東北関東大震災、東北地方太平洋沖地震など、様々な名称で呼ばれる地震、またそれによって齎された災害。
多くの犠牲者を出したあの地震の日は、テレビもネットも大騒ぎだった。
当時地元にいた私も、椅子の上で暢気に昼寝をしていたところにやってきた突然の揺れにおっかなびっくりしたものだ。
あれからもう10年と半年が経った。
あの場所にいた人や仕事中に被害にあった職場の先輩たちから話を聞いた時にはない頭を振り絞って想像したけれど、結局実際の映像を見た方が早いということを当時も今も感じてしまう。
久しぶりに見た津波の映像は体を芯から冷えさせた。
黒々と渦を巻き、地上にあるすべてのものを飲み込み、押しつぶし、蹂躙していく津波。
高台に避難してその様を呆然と見ていることしかない撮影者と周りの人。
ズームされた港の船が水位低下と上昇に合わせて上下するたった10分ほどの1往復で何十年とかかって作られた街を消していく様子に思わずつばを飲み込んだ。

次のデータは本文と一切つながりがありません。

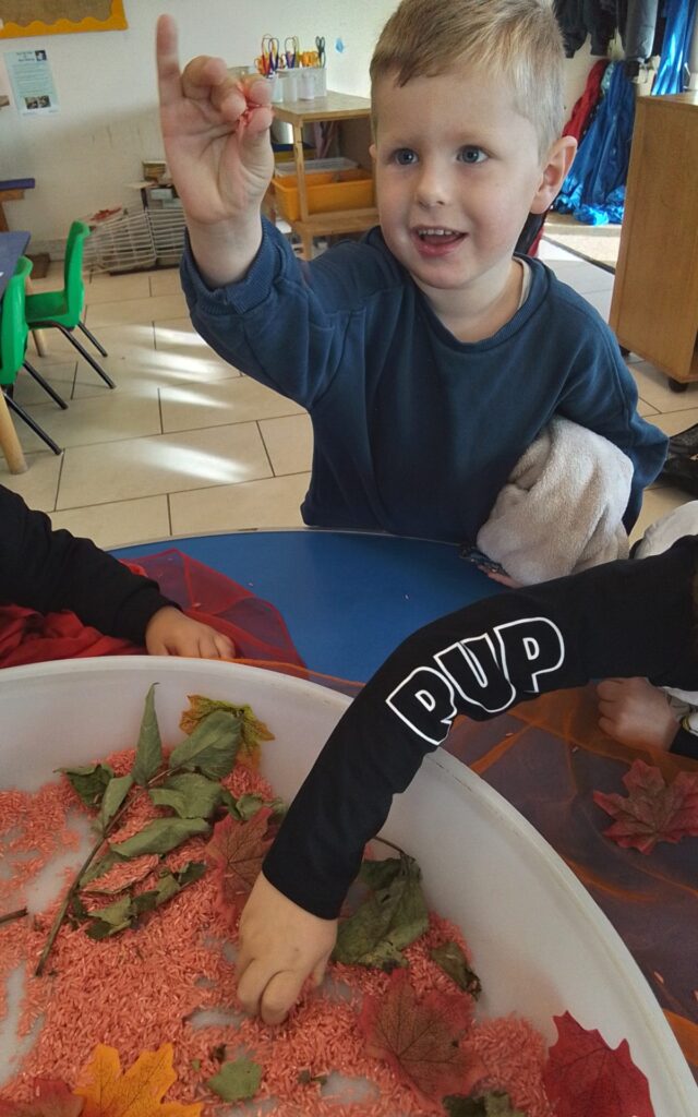 The children have been looking at different types of emotions using emojis, they have been able to identify the main emotions, including, happy, sad, and angry. Throughout the month the children have been looking at Autumn and talking about the different colours that we see during this time of year. The children have enjoyed using the paints to make their own Autumn leaves, and they have also spent a lot of time in the gardens exploring their natural surroundings.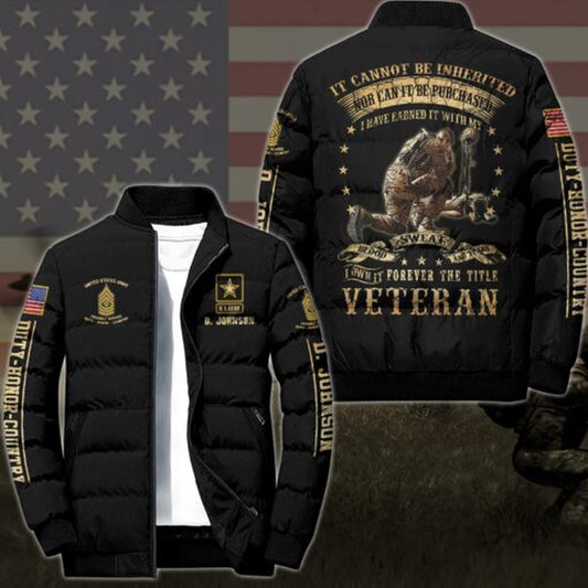 Army Puffer Jacket, US Army I Own It Forever The Title Veteran Puffer Jacket Custom Your Name And Rank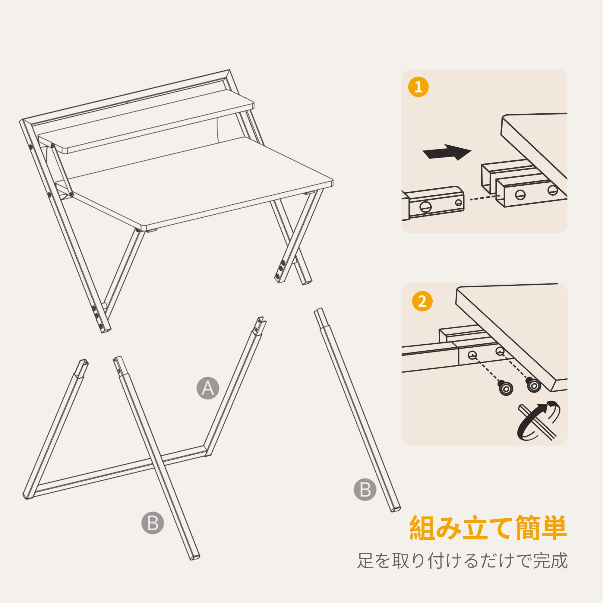 組み立ては簡単:足を取り付けて開くだけです。使用しないときは簡単に折りたたんでスリムに収納できます。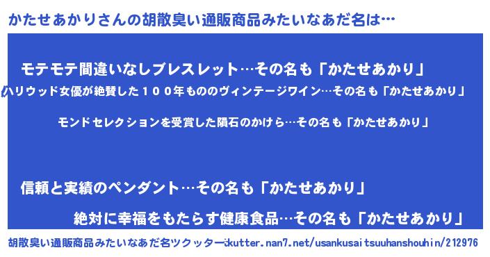 | ヘコむあだ名 | 『かたもー』『かたせあかり(笑)』 |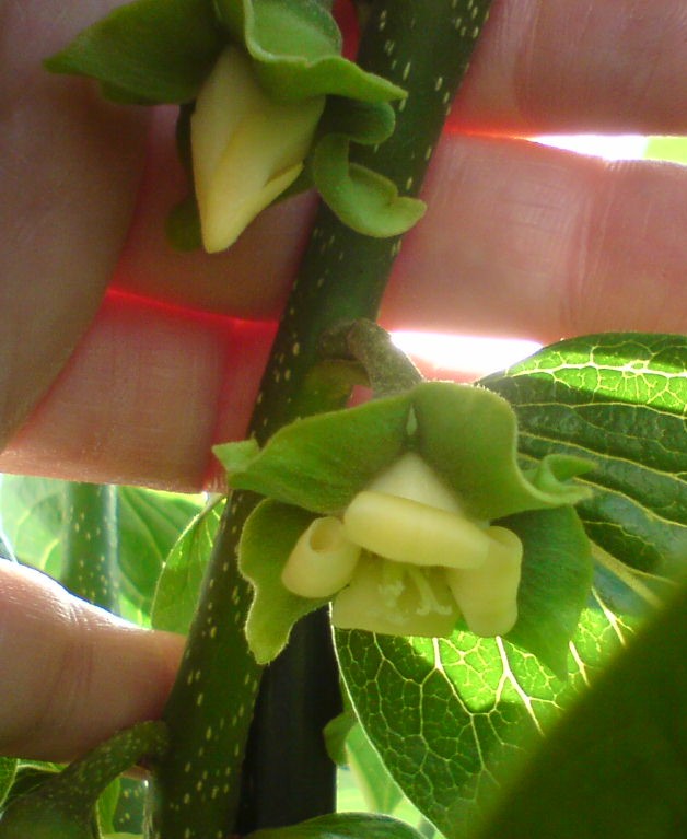 Ich habe mir eine Kaki "Ragno" im Topf andrehen lassen, die jedoch adstringierent ist. Da ich Erfahrung im Veredeln habe, werde ich sie wohl umveredeln. Der etwa 1,80m große Baum hat dieses Jahr vier dunkelrot bis braune Blüten.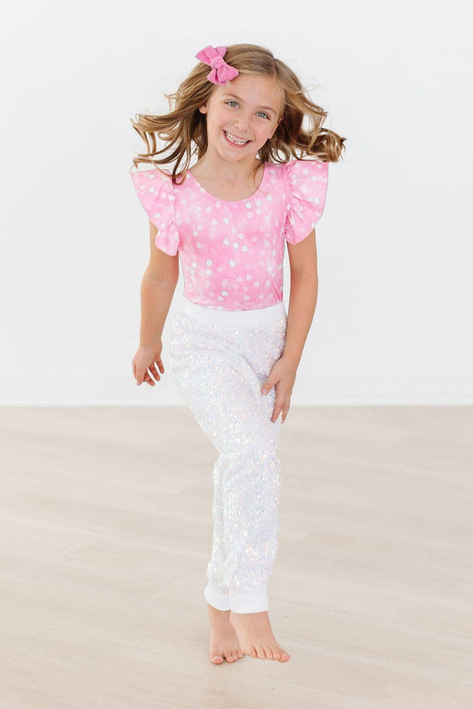 Our Sequin Joggers are a dazzling addition to any wardrobe. These joggers are designed to make everyday feel like a special occasion. Soft elastic waist, cuffs, and full lining make these joggers both comfortable and fashionable. Mix and match with our sequin jackets, tees, and leotards.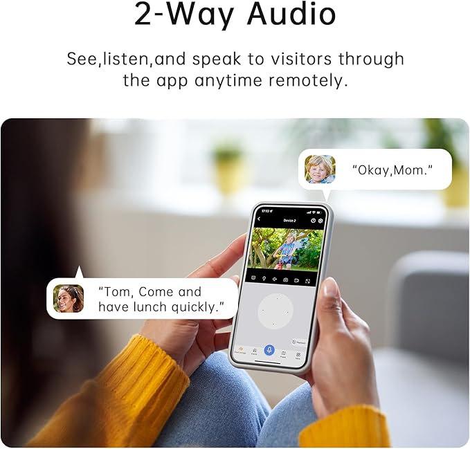 - Talk & Share with Two-Way Audio: Built-in mic and speaker let you communicate in real time. Share access with family for everyone to stay connected. A must-have for cameras for home security, it also supports customizable alarms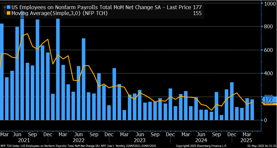 The economy added 177k jobs last month, about 35k above estimates. However, the two prior months were revised lower by 58k jobs. The unemployment rate was unchanged at 4.2%. As judged by this report, the labor market seems in good health, albeit slowing.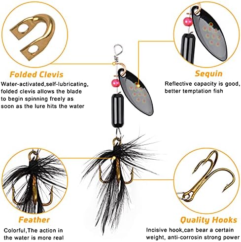 【Practical function】 The spinner lures can rotate in the water to make noise and ripple to attract fish, also it can reflect light rays in the water like little fish to attract big fish, so practical for your fishing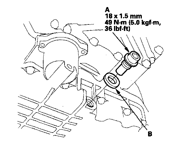 7. Refill transmission with the recommended fluid into the filler hole (A) to the upper mark on the dipstick. Always use genuine Honda ATF-Z1 Automatic Transmission Fluid (ATF). Using a non Honda ATF can affect shift quality.

地震大国に生きることは、地震と向き合うことだと見せつけられる。
少し前にも大きめの地震があった。
大きな地震にしか気づかないだけで、報道もされない小規模地震は全国各地で毎日のように起きている。
いずれ来る巨大地震も、いつ来るかはわからない。
でもいつかは来るのだ。
備えておかないといけないんだろうなと思う。
そのとき情報の暴力だけでなく、自然の暴力にも飲み込まれないように。